Copy the complete listing word for word, but do not carry over any images.
Segment Start: Data excerpt
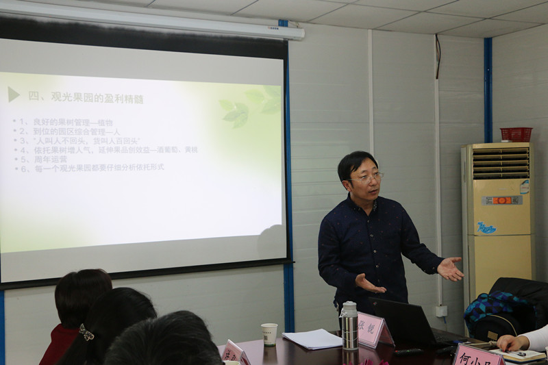 本次沙龍主題為“現(xiàn)代觀光果園的建設與運營”?,F(xiàn)代觀光果園相異于早期果園,其將綠色果品生產(chǎn)和生態(tài)旅游相結(jié)合,并融入了景觀、生態(tài)概念,是日益風靡的觀光農(nóng)業(yè)的重要分支之一?;顒友埖搅吮本┦修r(nóng)林科學院林業(yè)果樹研究所張銳研究員,張老師就“如何規(guī)劃建設好一個觀光果園”做了主題分享,精彩獨到的講解受到了參會人員的熱烈好評。
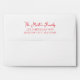 These beautifully designed custom envelopes will add a festive touch to your holiday correspondence! The return address features elegant red and green typography, personalised with your family name and holiday-themed address. The front showcases a hand-drawn red bow frame, perfectly complementing the "kindly deliver to" message in festive red script, evoking the warmth and joy of the holiday season. These envelopes are ideal for sending Christmas cards, holiday invitations, or special seasonal greetings, ensuring your mail stands out with a touch of class and holiday cheer. Personalise yours today for a stylish, custom holiday experience!
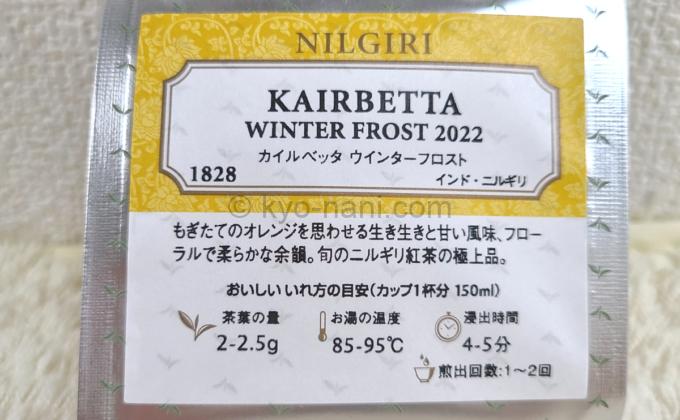 毎回言ってて申し訳ないんですが大好きなんですカイルベッタウインターフロスト。ニルギリ紅茶です。
Segment End: Data excerpt
### Result of the exercise
 本次沙龍主題為“現(xiàn)代觀光果園的建設與運營”?,F(xiàn)代觀光果園相異于早期果園,其將綠色果品生產(chǎn)和生態(tài)旅游相結(jié)合,并融入了景觀、生態(tài)概念,是日益風靡的觀光農(nóng)業(yè)的重要分支之一?;顒友埖搅吮本┦修r(nóng)林科學院林業(yè)果樹研究所張銳研究員,張老師就“如何規(guī)劃建設好一個觀光果園”做了主題分享,精彩獨到的講解受到了參會人員的熱烈好評。
 These beautifully designed custom envelopes will add a festive touch to your holiday correspondence! The return address features elegant red and green typography, personalised with your family name and holiday-themed address. The front showcases a hand-drawn red bow frame, perfectly complementing the "kindly deliver to" message in festive red script, evoking the warmth and joy of the holiday season. These envelopes are ideal for sending Christmas cards, holiday invitations, or special seasonal greetings, ensuring your mail stands out with a touch of class and holiday cheer. Personalise yours today for a stylish, custom holiday experience!
 毎回言ってて申し訳ないんですが大好きなんですカイルベッタウインターフロスト。ニルギリ紅茶です。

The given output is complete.